**Problem requirements:** Your task is to restate every entry below word for word and omit the images.

**Collected data entries:**
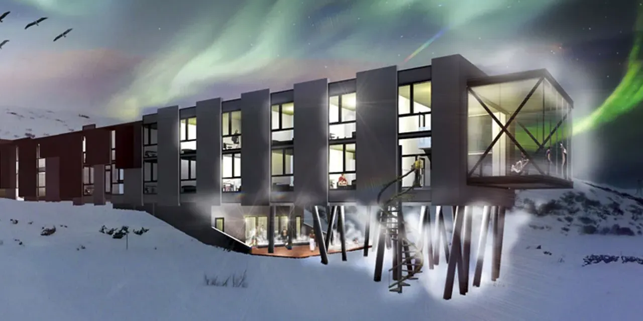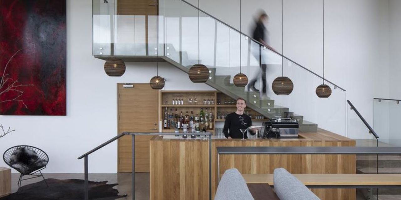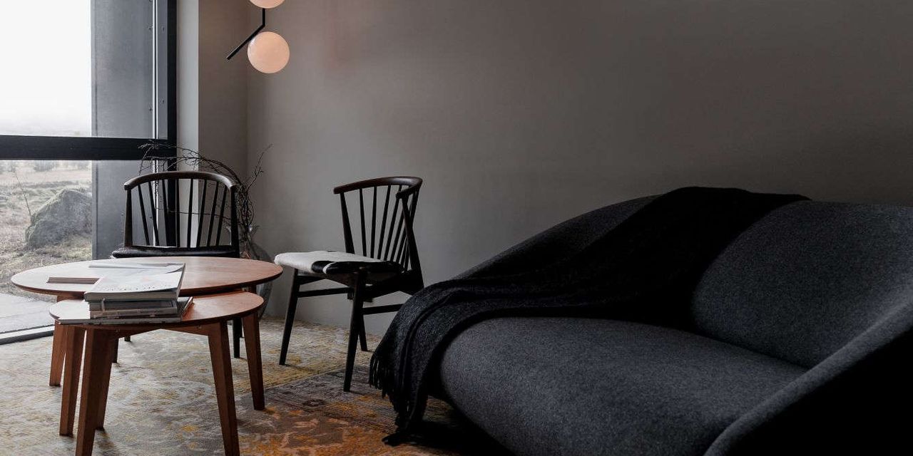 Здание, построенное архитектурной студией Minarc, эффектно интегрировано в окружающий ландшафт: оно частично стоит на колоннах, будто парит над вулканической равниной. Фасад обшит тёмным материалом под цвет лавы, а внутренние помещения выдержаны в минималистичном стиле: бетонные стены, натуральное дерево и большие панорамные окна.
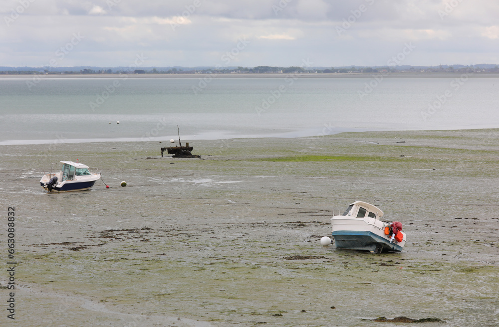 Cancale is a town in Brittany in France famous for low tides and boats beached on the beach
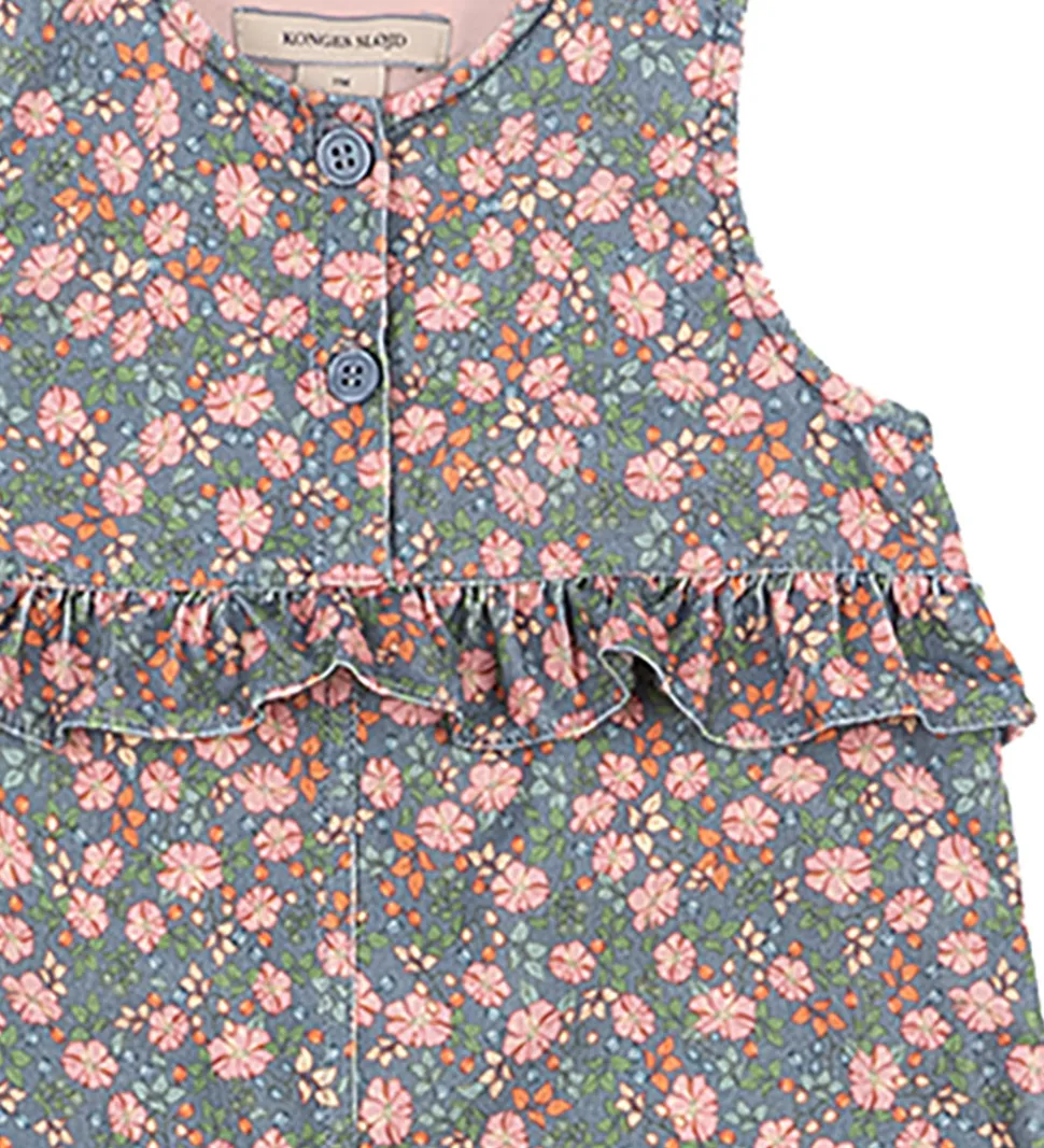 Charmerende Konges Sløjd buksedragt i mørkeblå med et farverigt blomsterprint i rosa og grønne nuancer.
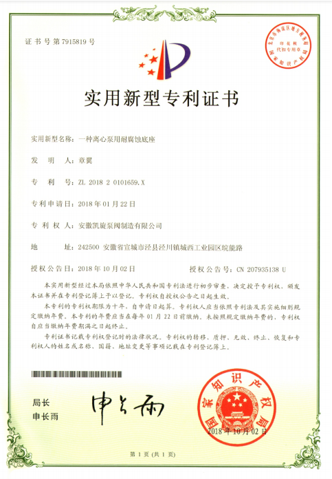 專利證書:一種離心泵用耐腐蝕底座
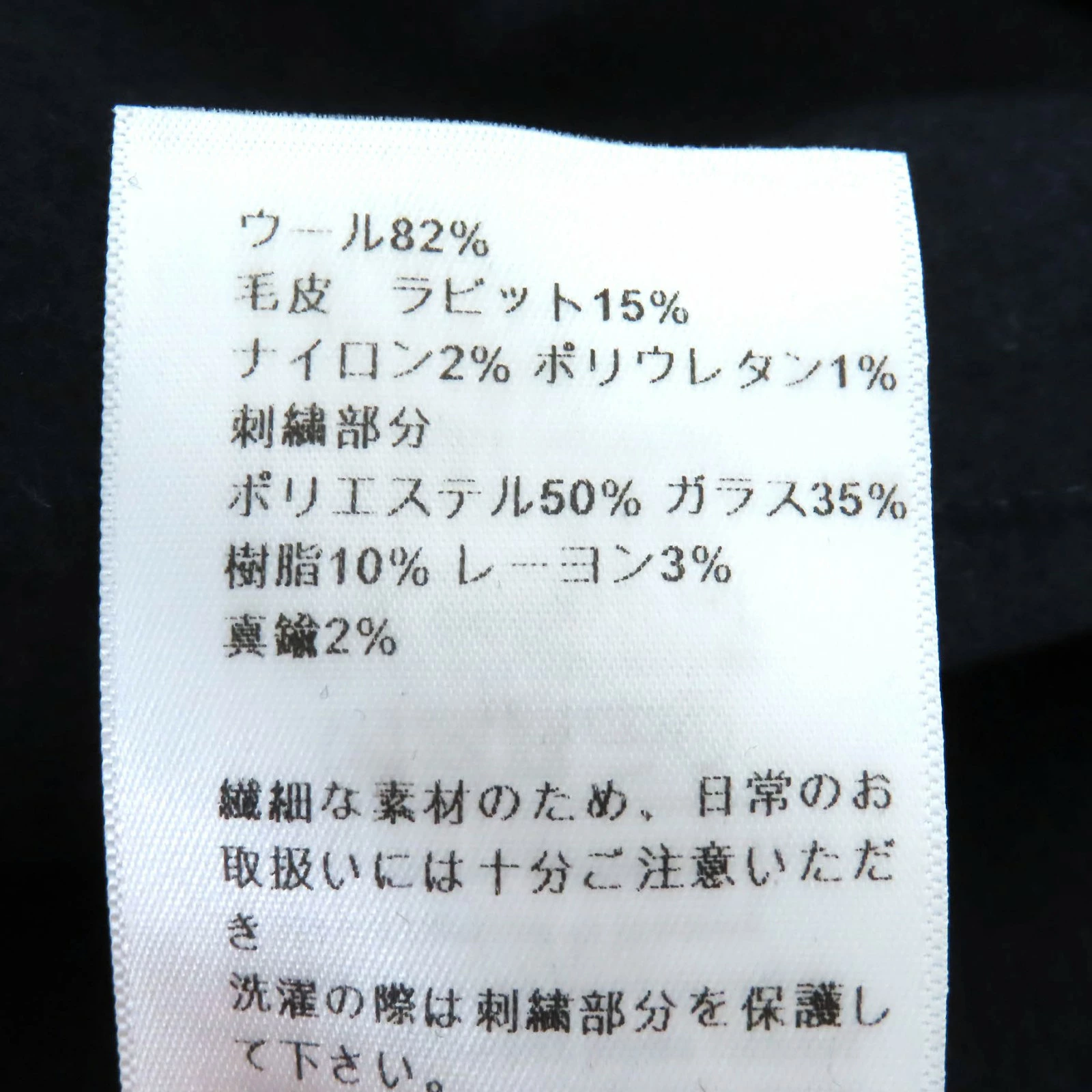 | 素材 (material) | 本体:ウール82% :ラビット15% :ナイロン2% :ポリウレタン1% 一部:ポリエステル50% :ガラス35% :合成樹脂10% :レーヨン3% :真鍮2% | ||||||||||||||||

**Solution for this task:**
 Здание, построенное архитектурной студией Minarc, эффектно интегрировано в окружающий ландшафт: оно частично стоит на колоннах, будто парит над вулканической равниной. Фасад обшит тёмным материалом под цвет лавы, а внутренние помещения выдержаны в минималистичном стиле: бетонные стены, натуральное дерево и большие панорамные окна.
 Cancale is a town in Brittany in France famous for low tides and boats beached on the beach
 Charmerende Konges Sløjd buksedragt i mørkeblå med et farverigt blomsterprint i rosa og grønne nuancer.
 專利證書:一種離心泵用耐腐蝕底座
 | 素材 (material) | 本体:ウール82% :ラビット15% :ナイロン2% :ポリウレタン1% 一部:ポリエステル50% :ガラス35% :合成樹脂10% :レーヨン3% :真鍮2% | ||||||||||||||||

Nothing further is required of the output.